Figure 6.

Metabolites quantified by NMR and GCxGC-MS in both tissue and plasma after IRI. (A) Extracted metabolites were analysed by GCxGC-qMS. A representative 2D-GCxGC map is shown in which the identified metabolites are numbered. (B) Relative quantities of 1. Palmitate, 2. Stearate, 3. Linoleate, 4. 1-monopalmitin, 5. 2-monopalmitin, 6. 2-monostearin, and 7. Cholesterol detected in control (HC), contralateral (4 h-C, 24 h-C and injured kidney tissue (4 h-IRI, 24 h-IRI). (C) Relative quantities of 1. Glucose, 2. Lactate, 3. Creatinine, 4. Urea, 5. AMP, 6. Adenosine, 7. Citrate, 8. Glutamic acid and 9. Glycine detected in control (HC), contralateral (4 h-C, 24 h-C and injured kidney tissue (4 h-IRI, 24 h-IRI).
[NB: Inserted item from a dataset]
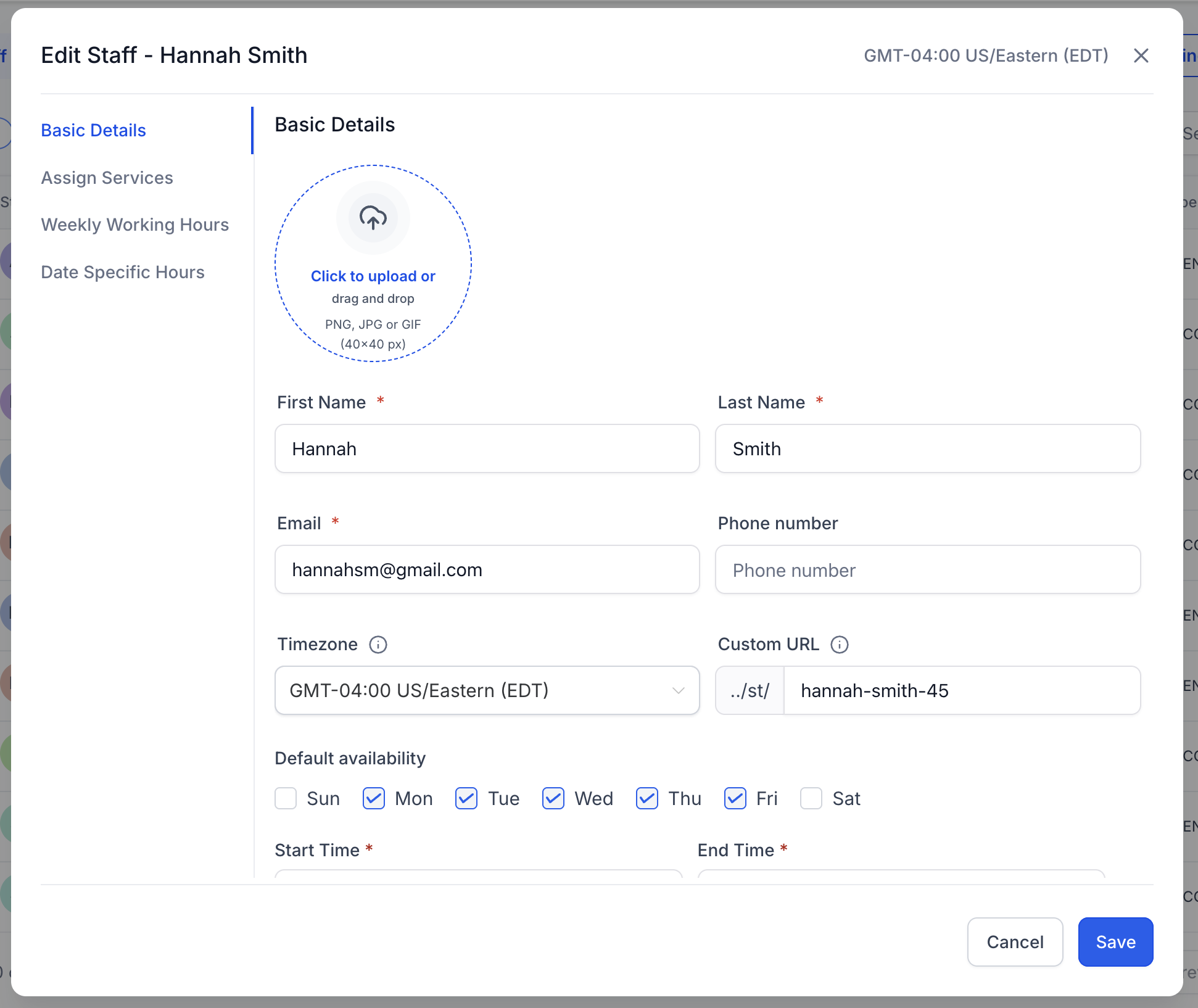 Profile Picture – Upload an image to represent staff on booking/scheduling pages.
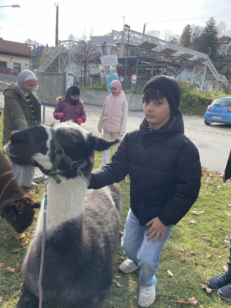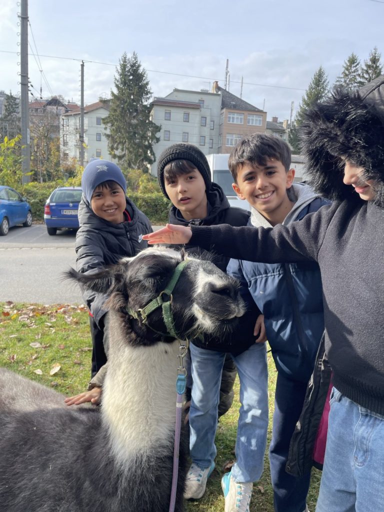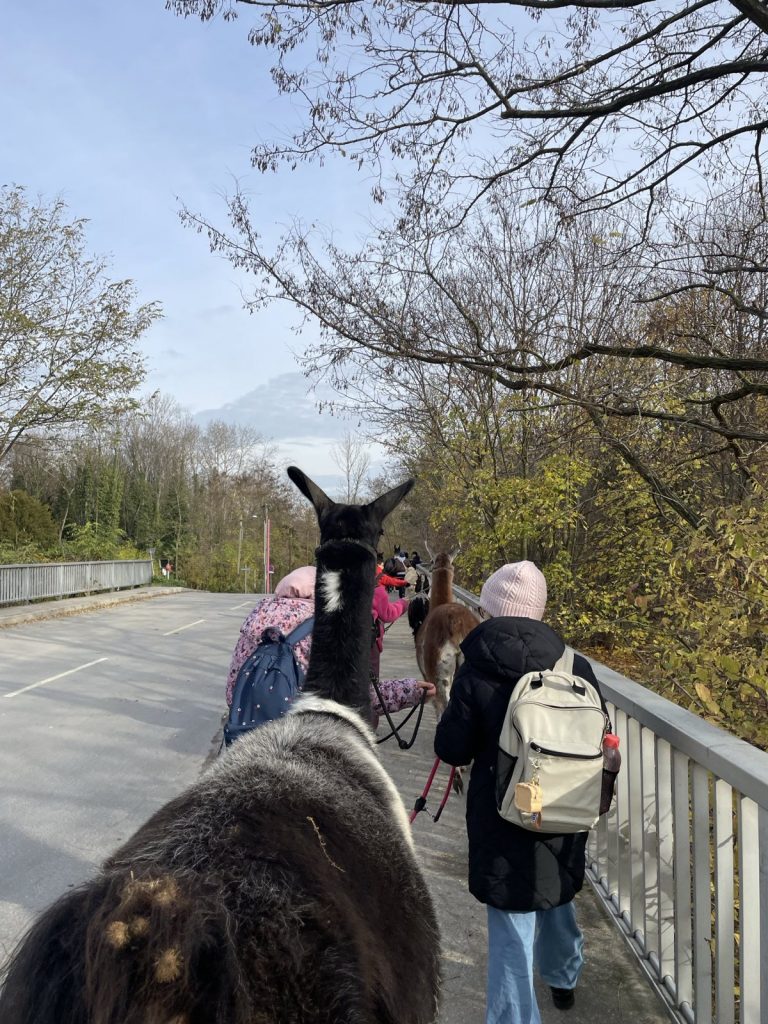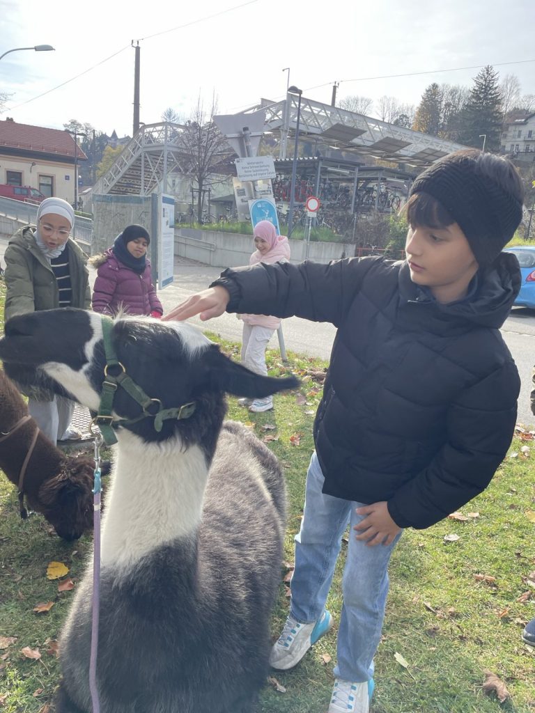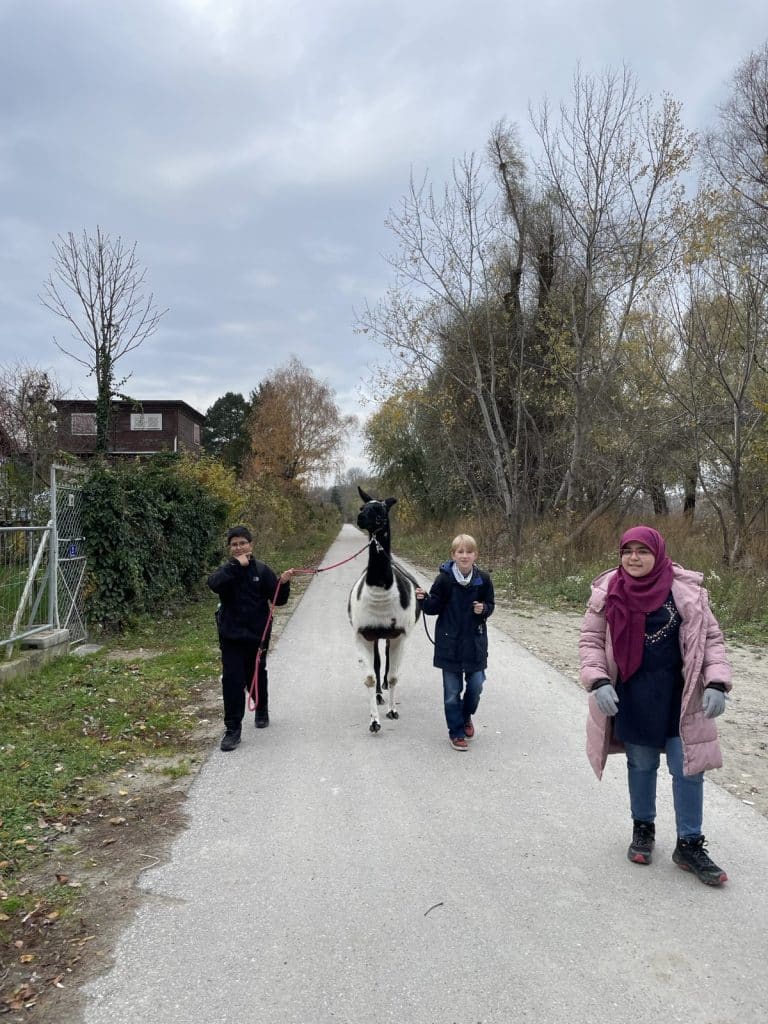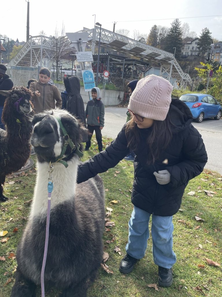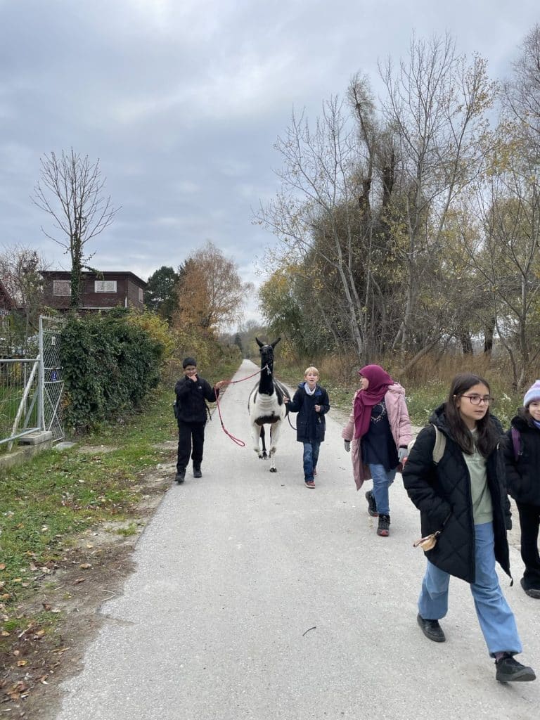 Raus aus dem Klassenzimmer, rein in die Natur: Beim Klasse-Workshop in Kritzendorf erwartete unsere Schüler:innen ein ganz besonderes Erlebnis. Nach der gemeinsamen Ankunft am Bahnhof lernten sie zunächst Lamas und Alpakas kennen, neugierig, ruhig und perfekte Begleiter für einen etwas anderen Lerntag.

Metabolite levels are provided as detected by GCxGC-qMS, and the values labelled with (#) by ¹H-NMR. (D) ATP levels were quantified using a luminescent ATP detection assay kit in kidney tissues (normalized to tissue weight). (E) Metabolites measured using conventional clinical measurement in plasma of HC, 4 h and 24 IRI animals: 1. Glucose, 2. Lactate and 3. Creatinine. Data is presented as mean ± SEM. 4 h-IRI and 24 h-IRI: kidneys subjected to IRI; 4 h-C and 24 h-C: contralateral controls; HC: healthy controls. ^*p-value < 0.05, ^**p-value < 0.01, ^***p-value < 0.001.